Mario Del Pero

Il corpo di un leader globale

È difficile non rimanere
colpiti da un Obama che si piega scherzosamente per la foto con la presidente
della provincia dell’Aquila, stringe la mano uno ad uno ai vigili del fuoco,
corre in ritardo verso il podio della foto di gruppo, applaudito e cercato
dagli altri capi di stato.
Che Obama sia un
comunicatore abile, dotto e sofisticato lo sappiamo oggi fin troppo bene.
Alcuni dei suoi discorsi degli ultimi due anni sono dei capolavori di retorica
politica. Ma col tempo il contenuto del suo messaggio è stato reso sempre più efficace
e incisivo dal medium del messaggio medesimo: dal corpo di Obama. Le movenze,
la postura e un body language asciutto,
ma sicuro e coinvolgente, hanno infatti ulteriormente rafforzato la forza
comunicativa del discorso obamiano.
Inizialmente non fu così. Il successo e l’ascesa al potere hanno
conferito quel di più – in termini di sicurezza e levità – che si rivela oggi
decisivo. Molti ricordano i primi dibattiti all’inizio delle interminabili primarie
democratiche, dove un Obama impacciato e fuori ruolo risultò spesso schiacciato
dalla preparazione della Clinton, dalla competenza di Biden, dalla freschezza
populista – a metà strada tra Big Jim e Bruce Springsteen – di John
Edwards. Il tempo e le vittorie
elettorali hanno cambiato questa situazione. Il corpo di Obama è progressivamente
diventato quello dell’America. O, meglio, delle Americhe e delle sue tante
incarnazioni ideali: quella che gioca spensierata con i figli; quella che anche
a 47 anni realizza canestri in sospensione da 7 metri (lasciando a bocca aperta
i soldati che osservano ammirati il loro futuro comandante in capo); quella che
passeggia dinoccolata, ondeggiando come Denzel Washington; quella che balla
splendidamente; quella, infine, che di fronte ai problemi e alle tragedie si
rimbocca le maniche e mostra tutta la sua sobria e rigorosa competenza.

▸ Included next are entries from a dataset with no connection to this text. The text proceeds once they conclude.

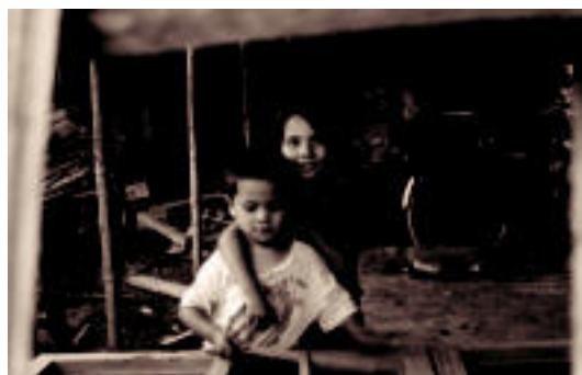
X. edizioan parte hartu zuen argazkietako bat. HITZA

LEHIAKETA Aste Santuetan ateratako argazkiak apirilaren 28ra arte bidali ahal izango dira 4
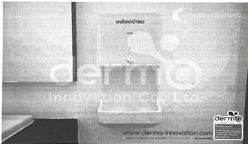
อุปกรณ์ที่ทำให้มือแห้ง เช่น เครื่องเป่าลม กระดาษทิชชู ผ้าเช็ดมือ
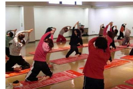
カルチャー教室（ヨガ）
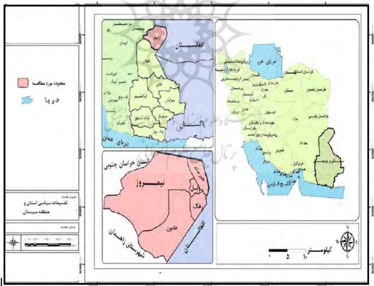
شکل شماره ۱: نقشه موقعیت جغرافیایی محدوده مورد مطالعه

استان سیستان و بلوچستان نیز در منتهی الیه جنوب شرقی کشور، از نظر موقعیت جغرافیایی در مختصات ۲۵ درجه و ۳ دقیقه تا ۳۱ درجه و ۲۹ دقیقه عرض شمالی و ۵۸ درجه و ۵۱ دقیقه تا ۶۳ درجه و ۲۰ دقیقه طول شرقی واقع شده است. این استان از شمال با استان خراسان جنوبی همجوار است و از شرق با یک مرز خاکی به طول ۱۱۰۰ کیلومتر، دیواره‌ی همسایگی ایران با کشورهای افغانستان و پاکستان را تشکیل می‌دهد. از مغرب به استانهای کرمان و هرمزگان می‌رسد و جنوب آن نواره‌ی آبی ۳۰۰ کیلومتری دریای عمان می‌باشد. منطقه سیستان (شهرستان زابل) حوزه فراگیر شهر زابل است، که در منتهی الیه شرقی کشور ایران واقع شده است. این منطقه قسمتی از استان پهناور سیستان و بلوچستان می‌باشد و با قرارگیری در شمال این استان قسمت وسیع و مهمی از استان و حتی ایران را به خود اختصاص داده است (شکل شماره ۱ و شکل شماره ۲).
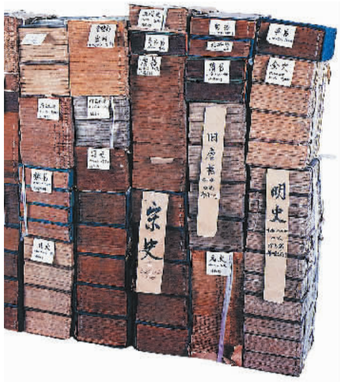
清同治光绪年间《二十四史》

善本书则一般可分为刻本和写本两大类,刻本包括历代用雕版或活字印刷的,主要为木刻的书籍,而写本包括稿本和抄本等几种。
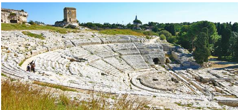
SIRACUSA TEATRO GRECO

Prima colazione in hotel. Giornata dedicata alla visita delle località limitrofe come Ragusa, Noto. Pranzo in ristorante. Successiva partenza per Acireale città storica e barocca, passando per Catania. Sistemazione in hotel, cena e pernottamento.
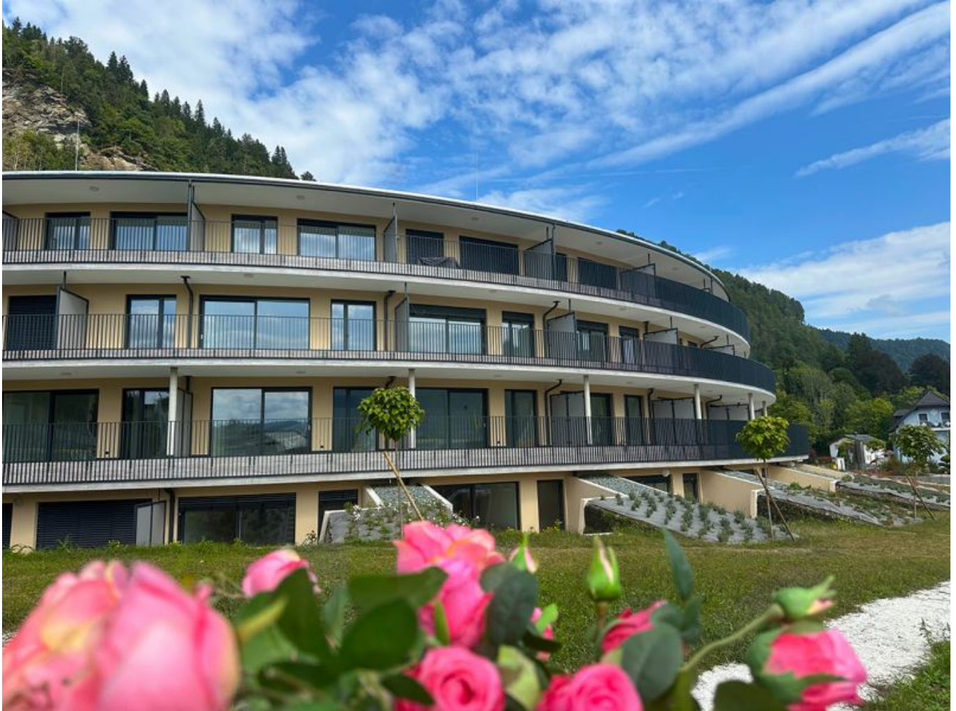
Ansicht Sept 2024 kl

Objektnummer: 905/03183 Eine Immobilie von ATV Immobilien
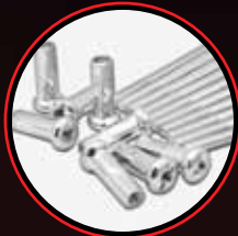
ชุบโครเมียม
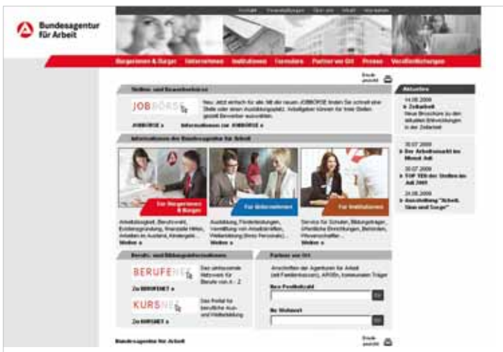
Screenshot Startseite www.arbeitsagentur.de

dertenvertretungen – eine wichtige Hilfe bei der Vorbereitung einer Bewerbung. Namen und Adresse der Vertrauenspersonen der schwerbehinderten Beschäftigten ( Schwerbehindertenvertretung ) sowie der Gleichstellungsbeauftragten erfragt man leicht über die jeweilige zentrale Rufnummer. Zur begrifflichen Klarheit sei noch auf die Funktion „ Bbeauftragte(r) für Schwerbehinderte “ hingewiesen. Dabei handelt es sich meist um Mitarbeiter der Personalabteilung, also nicht um die Interessenvertretung der schwerbehinderten Beschäftigten.
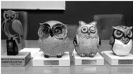
Gau Txori argazki rallyko sariak.

Sari banaketa ekitaldia noiz egingo duten ez dute zehaztu oraindik, baina lau sari izango dira eskuragai: bilduma onenaren saria (150 euro eta garaikurra), bigarren sailkatuaren saria (100 euro eta garaikurra) eta hirugarren sailkatuaren saria (70 euro eta garaikurra). Era berean, sari horiek jasotzen ez dituen herriko lehen sailkatuak ere garaikurra eskuratuko du.
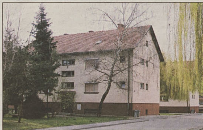
Vojaška stanovanja samevajo, prosilci na občinski listi pa čakajo.

Načrtovani programi, ki jih na MORS pogojujejo z reorganizacijo SV, dajejo malo upanja za reševanje stanovanjske problema okoli 30 čakajočih na listi, ki je
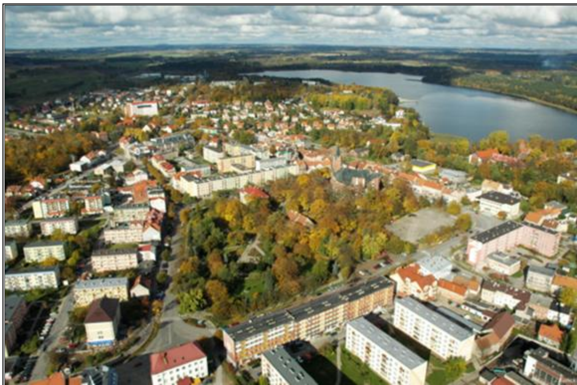
Rysunek 15. Zabytkowa część miasta w Olecku
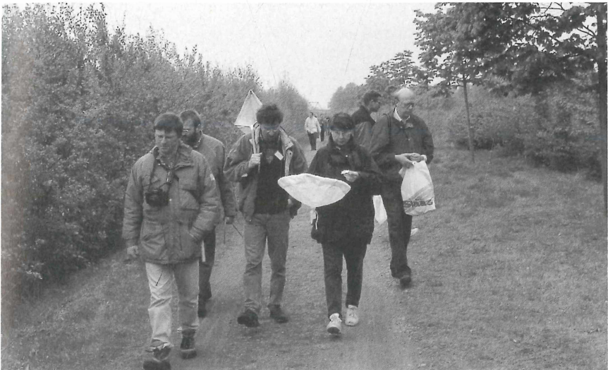
Lehrerfortbildung "Insekten" (Mai 1996) am Heiligen Meer ... man denke an die zahlreichen Käfer in den zahlreichen Döschen in den zahlreichen Taschen .... Nicht alle Biologen sind so harmlos wie "er"
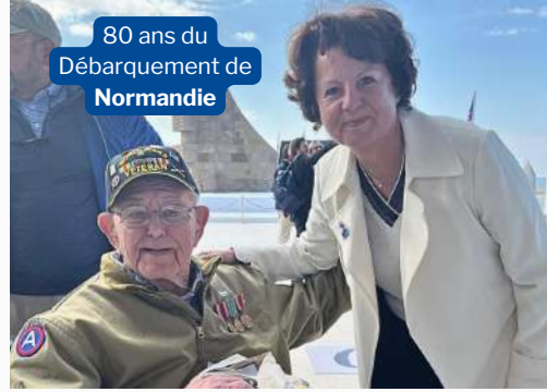
80 ans du Débarquement de Normandie
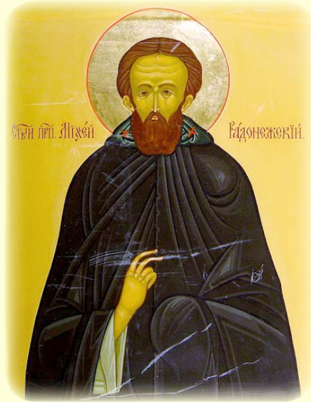
Ὁ Ὅσιος Μιχαίας ἐν Ραδονεζ
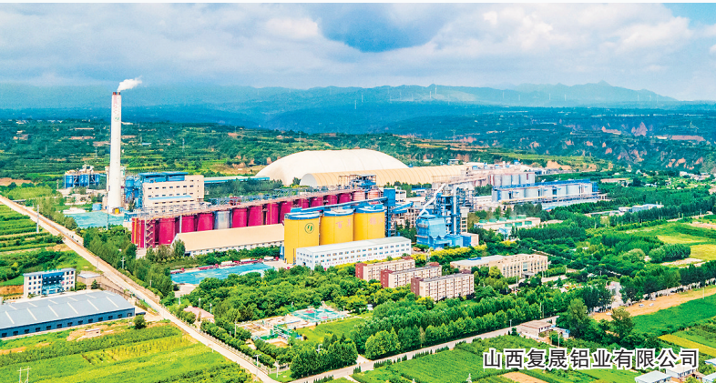
山西复垦铝业有限公司
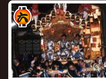
森宮入 森地車の運行では福荷参道で深江地車と青木地車が合流して練りまわしなどで賑い、観客も多く活気ある賑わいを見せます。(5月3日・金)又、すぐ北の赤島居下を地車が行く光景は一幅の絵のようです。是非、ご覧下さい。
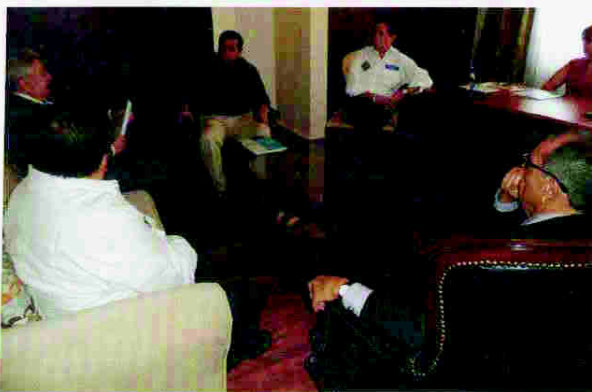
Reunión con candidato presidencial del Partido Alianza Patriótica Hondureña (APH)
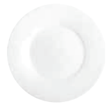
Brotteller bread plate 17 cm Art.Nr. 55 3400
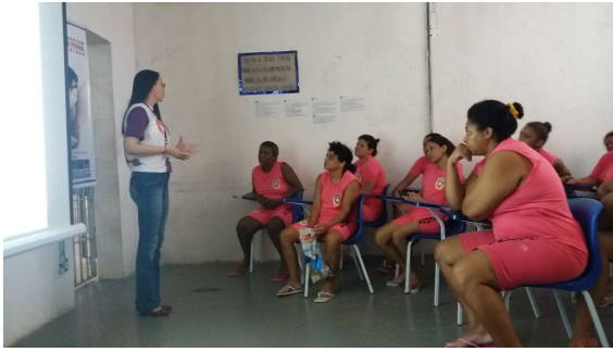
Cine Mulher – 21/03/2018
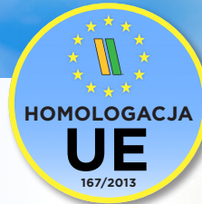
Homologacja UE 34 t

Da quando la politica si è
fatta televisione, l’apparenza e, appunto, il corpo sono diventati cruciali.
Dopo Eisenhower e Truman, gli ultimi presidente pre-televisivi, non ci sono più
stati presidenti bassi o calvi negli Stati Uniti. L’America – che ha nel
presidente l’unica carica elettiva nazionale e che in esso quindi vede, e vuol
vedere, la propria rappresentazione ideale – si specchia nel corpo e nelle
movenze del proprio leader. Corpo e movenze che, nel caso di Obama, portano con
sé quella pluralità di Americhe racchiuse nella sua figura e nella sua improbabile
biografia. Ma corpo e movenze che fanno di Obama anche un potenziale leader globale,
come vediamo bene in queste giornate del G-8 abruzzese. E nella empatia che riesce a trasmettere,
nell’ammirazione che alimenta, nell’austerità che esprime, il corpo di questo
leader televisivo globale torna paradossalmente a sacralizzarsi: a essere
perfetto, idealizzabile e, quindi, quasi irraggiungibile.
È illusione, ci mancherebbe.
L’ultimo grande leader americano a proiettare un’immagine simile – a divenire
icona da t-shirt assieme a Marilyn e James Dean – fu John Kennedy. Simbolo di
una generazione nuova, che nelle rappresentazioni dell’epoca combinava
dinamismo, freschezza, competenza e rigore. E presidente invece inefficace,
incline al compromesso, piegato da malanni fisici dolorosissimi, che lo
rendevano quasi infermo.
La politica ha però bisogno
di miti, illusioni e corpi ideali per costruire quel consenso che le è necessario.
Non bastano, ovviamente; ma sono indispensabili. Anche su questo i successi di
Obama – effimeri o meno essi siano destinati a rivelarsi – sono oggi indubbi.